Dark Reading is part of the Informa Tech Division of Informa PLC

This site is operated by a business or businesses owned by Informa PLC and all copyright resides with them.Informa PLC's registered office is 5 Howick Place, London SW1P 1WG. Registered in England and Wales. Number 8860726.

Vulnerabilities / Threats

10:10 AM
Connect Directly

Looking Back and Thinking Ahead on Cyberwar, Nation-State Attacks

In the domain of cyber warfare, the effective strategies for fighting yesterday's cyberattacks will not work against tomorrow's, experts said.

BLACK HAT ASIA - Singapore – Nation-state threats dominated the themes of this week's keynotes at Black Hat Asia, where experts dug into past and current cyberattacks, efforts to mitigate nation-state attacks, and the broad and evolving realm of cyber warfare.

Bill Woodcock, executive director at Packet Clearing House, took attendees back to the 1980s and 1990s, when the Internet was a closed community of interests and hadn't yet gained popularity. At the time, cyberattacks were few and far between, he said in his day one keynote.

"We were doing it because it was fascinating," he said. "Nobody thought there was any money in it … and because there weren't a lot of security incidents back then, we had time to investigate." By the mid-1990s, he continued, nation-state attacks on Internet service providers started to appear, coming from the US and Russian military.

Over time, incidents continued to escalate with Russia attacking Estonia in 2007, for example, and the United States' 2009 Stuxnet attack against Iran. Cyber offensive military personnel adopted the strategy of buying zero-days and getting their lawyers to say nothing would go wrong. Their idea was to focus on offensive strategies at the expense of ignoring defense.

"We see it play out over and over," Woodcock explained: militaries thinking they're the smartest people in the room; believing they'll be able to use the attacks they purchased any nobody will ever put it on them. "But none of that works out the way they think," he added.

Nation-state attacks escalated, often with players targeting private-sector trust in tech vendors and the relationship between businesses and consumers.

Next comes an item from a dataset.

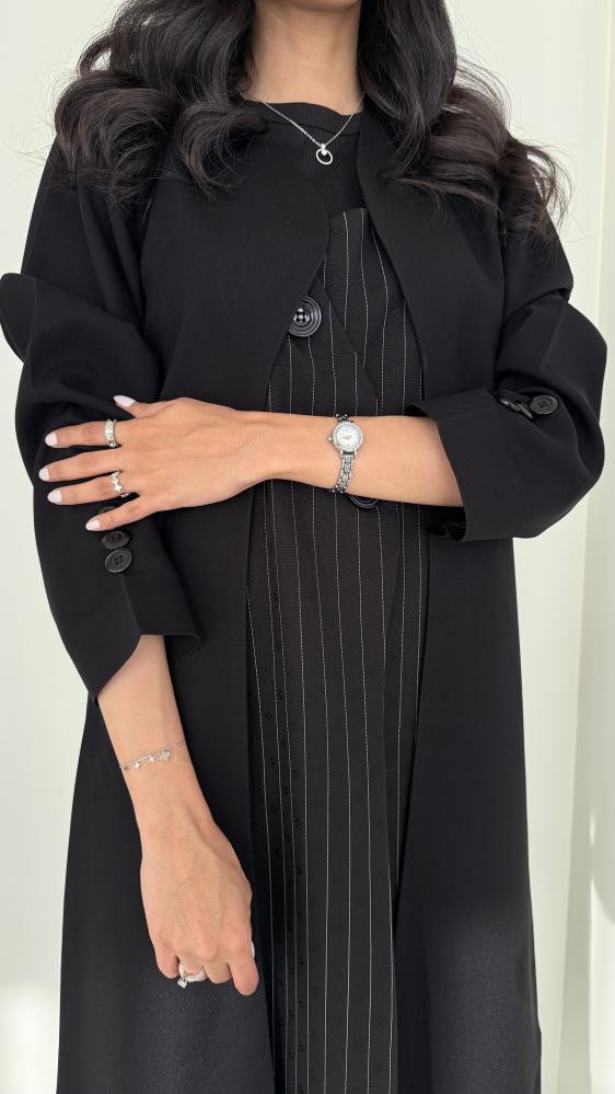 عباية بليزر بتصميم عصري أنيق يجمع بين الرسمية واللمسة الكلاسيكية.

In the 2010 Flame attack, the US government impersonated a Microsoft certificate to claim a fake Windows update was legitimate. China's 2011 attack on RSA stole SecurID two-factor authentication tokens, he noted.

Woodcock pointed to the grave implications of cyberthreats in the physical world with the 2015-2016 power grid attack targeting Ukraine's critical infratstructure.

"It's the kind of thing that causes lives to be lost, through accident or poor preparation," he said. "As a modern society we're not prepared to live without power for extended periods of time … saying cyber has no consequence - it's a little late for that."

The rapid growth of back-and-forth cyber events drove efforts to curtail attacks. In 1998, Russia proposed a treaty on cyber conflict, which made people skeptical because Russia had been the principal instigator for the problem, Woodcock pointed out. Between 2004 and 2017, there were five efforts to come up with a consensus about how cyberattacks should be addressed. By 2017 it was recognized that nothing was working, and a handful of countries were to blame.

The problem, he explained, was there were three nations, maybe four or five with the additions of Israel and Iran, which value their ability to attack other parts of the Internet more highly than the safety and economic stability of the Internet in their home countries.

"The US, Russia, and China don't want to agree to any treaty that will limit their ability to conduct offensive cyber operations … because they would do it anyway, and then look bad for violating the treaty they signed," Woodcock said. It's tough to get countries to agree to a treaty, he continued, because they have to turn it into local law, which will be different in each place.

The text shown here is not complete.